# [Cepheus Engine]Spacecraft Design Guide



## middenface (Jun 6, 2018)

​From one man work pods working around orbitals to kilometer long armoured warships displacing a megaton, the space ships of known space are as varied as the crews that operate them.


Expanding on the basic starship design rules from the Cepheus Engine System Reference Document, the Spacecraft Design Guide provides the tools for a naval architect to design small craft, traders, light naval vessels or massive capital ships. They can install the latest technology to allow the ship to jump interstellar distances, use inertialess drives that bend gravity to the will of the ship, move by falling towards microscopic black holes or “ride fire“ on a ship that uses a fusion plasma drive and spin gravity to provide for crew comfort. They can also design low technology missile armed warships or capital ships bristling with high energy weapons and capital ship killing torpedoes.
New advanced rules allow for naval capital ship combat where massed barrages rather than the fire from a single turret hit decide who the victor will be.

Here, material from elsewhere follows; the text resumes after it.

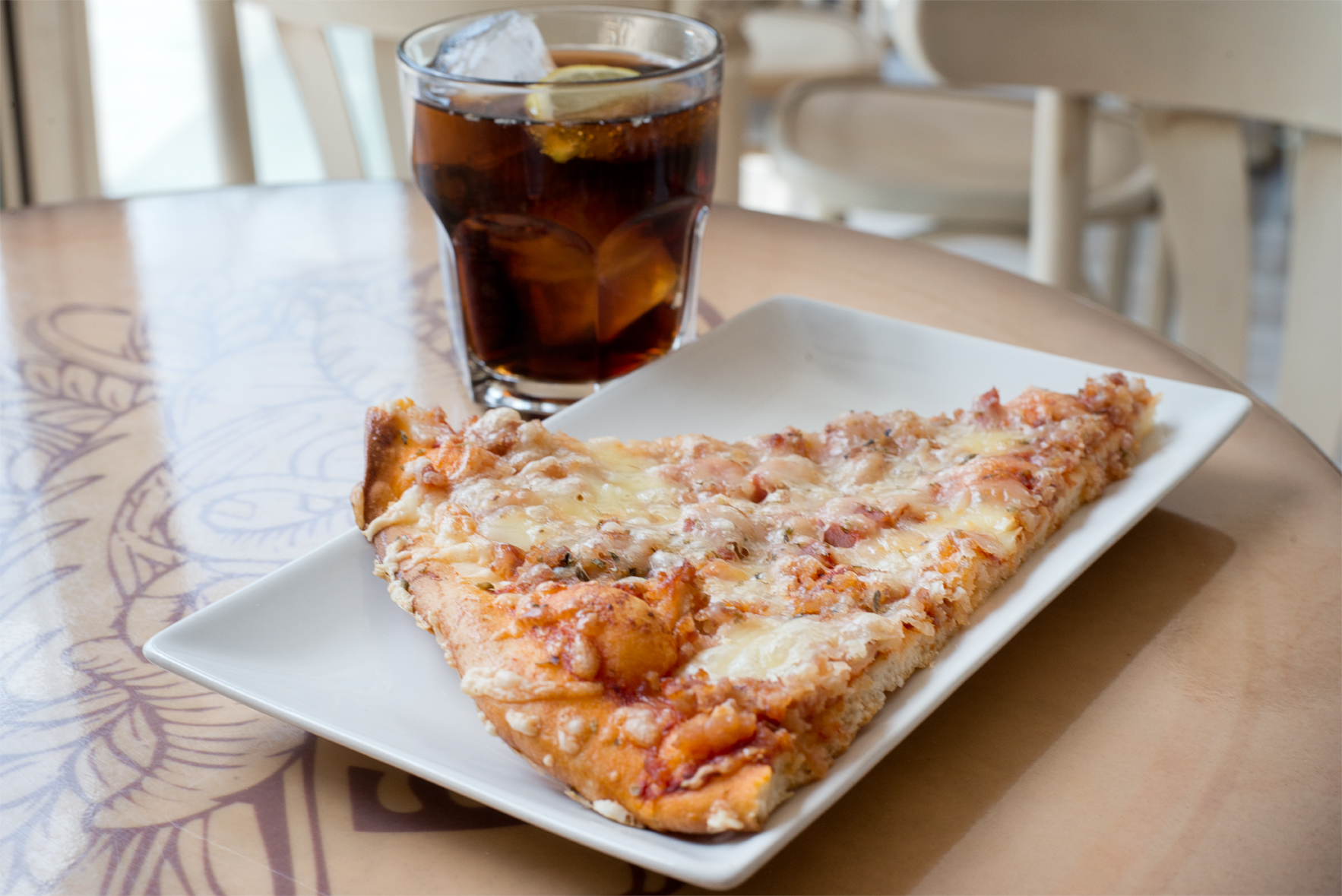 Variedad de bebidas y pizzas.

This a companion to the Cepheus Engine RPG, it does not necessarily require that book to use. Any similiar 2d6 based system will work with this.

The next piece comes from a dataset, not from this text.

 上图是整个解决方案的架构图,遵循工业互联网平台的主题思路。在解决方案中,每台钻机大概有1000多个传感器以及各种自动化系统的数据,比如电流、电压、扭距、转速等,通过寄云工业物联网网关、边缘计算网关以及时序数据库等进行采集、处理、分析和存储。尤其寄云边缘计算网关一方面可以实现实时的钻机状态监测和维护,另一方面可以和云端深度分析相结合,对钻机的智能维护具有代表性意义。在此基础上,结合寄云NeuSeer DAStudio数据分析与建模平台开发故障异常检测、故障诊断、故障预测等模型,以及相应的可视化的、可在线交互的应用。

*Please note a POD (print on demand) version will follow in the next week or so. PDF version will be free if you buy the POD version.*


http://www.drivethrurpg.com/product/243685/Spacecraft-Design-Guide


----------



## éxypnos (Feb 15, 2022)

Nice to see someone else using gravity wells that a ship falls into for a Trav ship.  I developed that design 25 years ago to explain the ability to accelerate at a given "G' regardless of the mass of the ship.


----------